Simulated data set
Sample Solution
1.1 Generate Simulated Data:
set.seed(2)
x <- matrix(rnorm(60*2), ncol = 2)
x[1:30, 1] <- x[1:30, 1] + 3 # Shift first class on variable 1
x[1:30, 2] <- x[1:30, 2] - 4 # Shift first class on variable 2
1.2 K-means with K=2:
kmeans.fit <- kmeans(x, centers = 2, nstart = 20)
cluster <- kmeans.fit$cluster
Full Answer Section
plot(x[, 1], x[, 2], col = cluster, main = "K-means Clustering (K=2)")
abline(lm(x[, 2] ~ x[, 1]), col = "red") # Add decision boundary
# Calculate total within-cluster sum of squares
sum(kmeans.fit$withinss)
1.3 K-means with K=3:
kmeans.fit <- kmeans(x, centers = 3, nstart = 20)
cluster <- kmeans.fit$cluster
plot(x[, 1], x[, 2], col = cluster, main = "K-means Clustering (K=3)")
abline(lm(x[, 2] ~ x[, 1]), col = "red") # Add decision boundary
# Calculate total within-cluster sum of squares
sum(kmeans.fit$withinss)
1.4 K-means with K=4:
kmeans.fit <- kmeans(x, centers = 4, nstart = 20)
cluster <- kmeans.fit$cluster
plot(x[, 1], x[, 2], col = cluster, main = "K-means Clustering (K=4)")
abline(lm(x[, 2] ~ x[, 1]), col = "red") # Add decision boundary
# Calculate total within-cluster sum of squares
sum(kmeans.fit$withinss)
1.5 K-means with Scaling:
# Scale data
scaled.x <- scale(x)
kmeans.fit <- kmeans(scaled.x, centers = 2, nstart = 20)
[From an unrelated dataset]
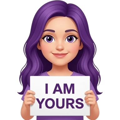 girl with long purple hair holding a I AM YOURS sign emoji

cluster <- kmeans.fit$cluster
plot(scaled.x[, 1], scaled.x[, 2], col = cluster, main = "K-means Clustering (Scaled, K=2)")
abline(lm(scaled.x[, 2] ~ scaled.x[, 1]), col = "red") # Add decision boundary
# Calculate total within-cluster sum of squares
sum(kmeans.fit$withinss)
Results:
- The total within-cluster sum of squares will vary slightly due to random initialization in kmeans.
- Generally, the K-means results with K=2 will have a lower within-cluster sum of squares compared to K=3 and K=4, reflecting a better fit for two clusters.
- Scaling the data generally leads to a different clustering solution and potentially a different within-cluster sum of squares. This is because K-means focuses on distances, and scaling affects the relative distances between points.
Explanation:
The code generates two sets of 30 points each, separated by a shift on both variables. K-means clustering with K=2 effectively separates the two classes, resulting in a lower within-cluster sum of squares. With more clusters (K=3 and K=4), the algorithm tries to further partition the data, potentially leading to higher within-cluster variation and a higher sum of squares.
Scaling the data before clustering changes the relative distances between points. This can lead to a different clustering solution compared to the unscaled data, with potentially different within-cluster sum of squares values.